Bug 2331382 - Kernel 6.12.* causes NFS/mount hangs when using cachefilesd (NFS caching)
Summary: Kernel 6.12.* causes NFS/mount hangs when using cachefilesd (NFS caching)
Keywords:
Status: NEW
Alias: None
Product: Fedora
Classification: Fedora
Component: kernel
Version: 41
Hardware: x86_64
OS: Linux
unspecified
high
Target Milestone: ---
Assignee: Kernel Maintainer List
QA Contact: Fedora Extras Quality Assurance
URL:
Whiteboard:
Depends On:
Blocks:
TreeView+ depends on / blocked
 
Reported: 2024-12-10 14:52 UTC by Bert DeKnuydt
Modified: 2025-06-28 09:36 UTC (History)
19 users (show)

Fixed In Version:
Clone Of:
Environment:
Last Closed:
Type: ---
Embargoed:


Attachments (Terms of Use)

Description Bert DeKnuydt 2024-12-10 14:52:33 UTC
1. Please describe the problem:

Using 6.12.* as NFS-4.2 client, with cachefilesd ON, causes
mount/unmount problems.
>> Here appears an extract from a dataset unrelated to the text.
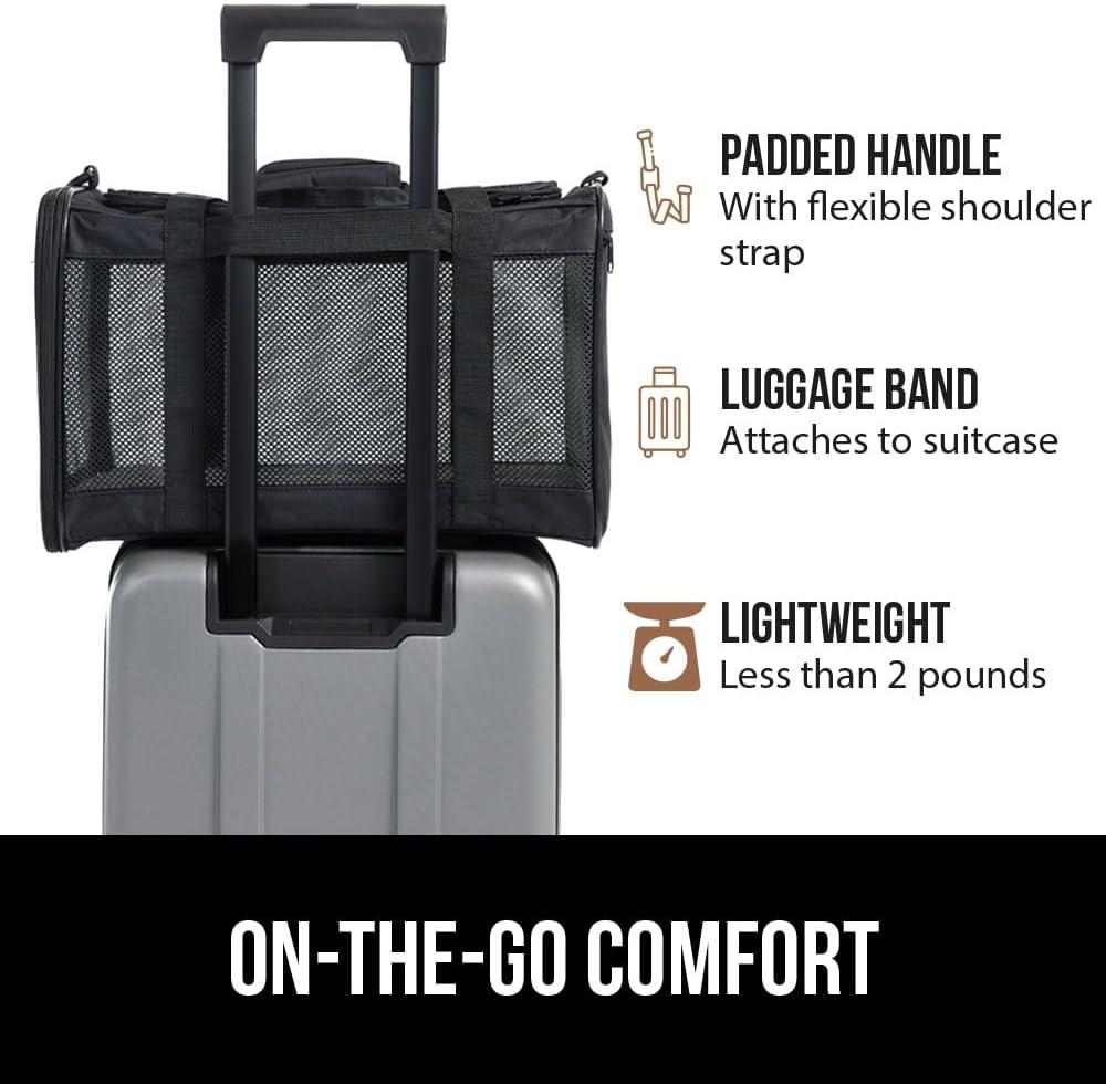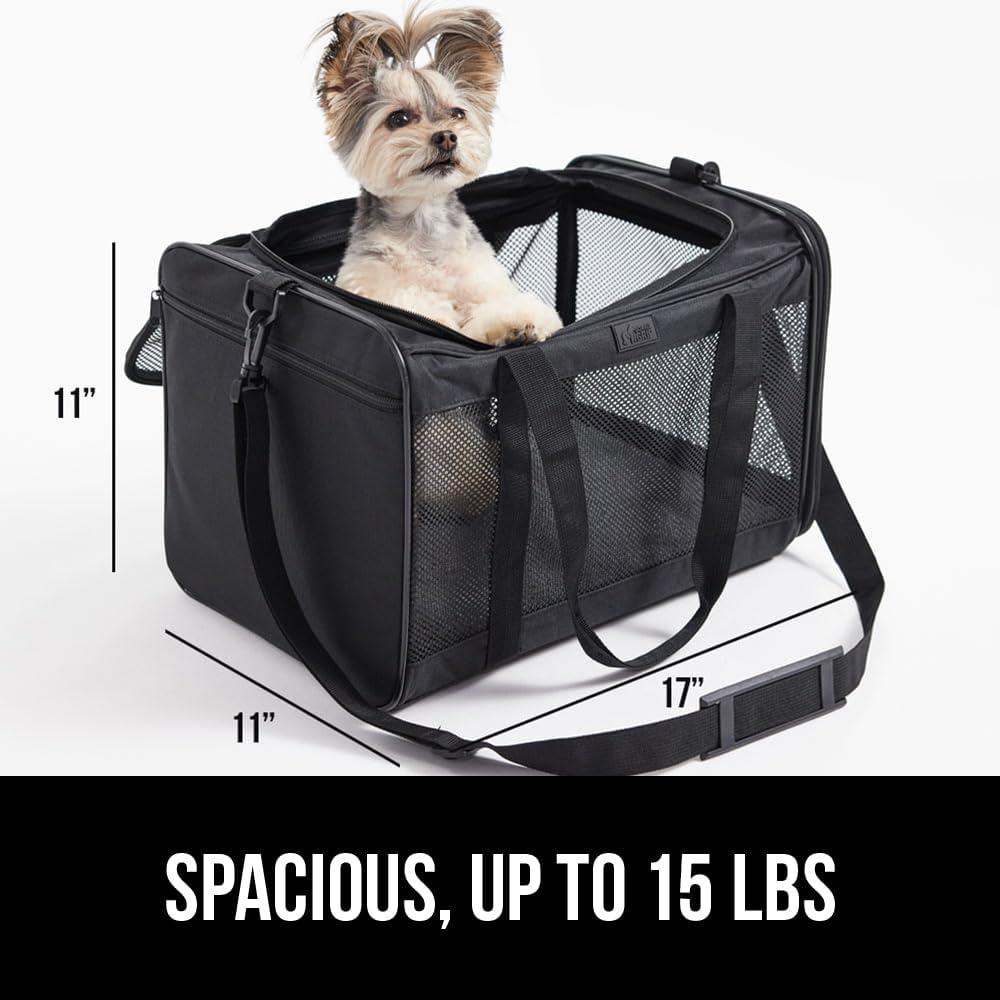 FITS MOST PLANES, HOW TO MEASURE YOUR PET: to ensure your pet fits the bag, measure from their chest to their tail, and from the floor to the top of your pet’s back; bag measures 17x11x11 inches; max weight of 15 pounds; bag’s compact size fits most planes; check with airline to ensure bag fits before travel

Switching off cachefilesd solves
the problems.

2. What is the Version-Release number of the kernel:

6.12.4 (but same on .1 and .3)

3. Did it work previously in Fedora? If so, what kernel version did the issue
   *first* appear?  Old kernels are available for download at
   https://koji.fedoraproject.org/koji/packageinfo?packageID=8 :

This has worked without problems in all 6.11.*
First problems was with 6.12.1

(However: there were previously similar problems in Fedora 40 with
much older kernels)

4. Can you reproduce this issue? If so, please provide the steps to reproduce
   the issue below:

It's not 100% sure, but simply logging in with a NFS-4.2 home directory
triggers a hang with a half-mounted filesystem. 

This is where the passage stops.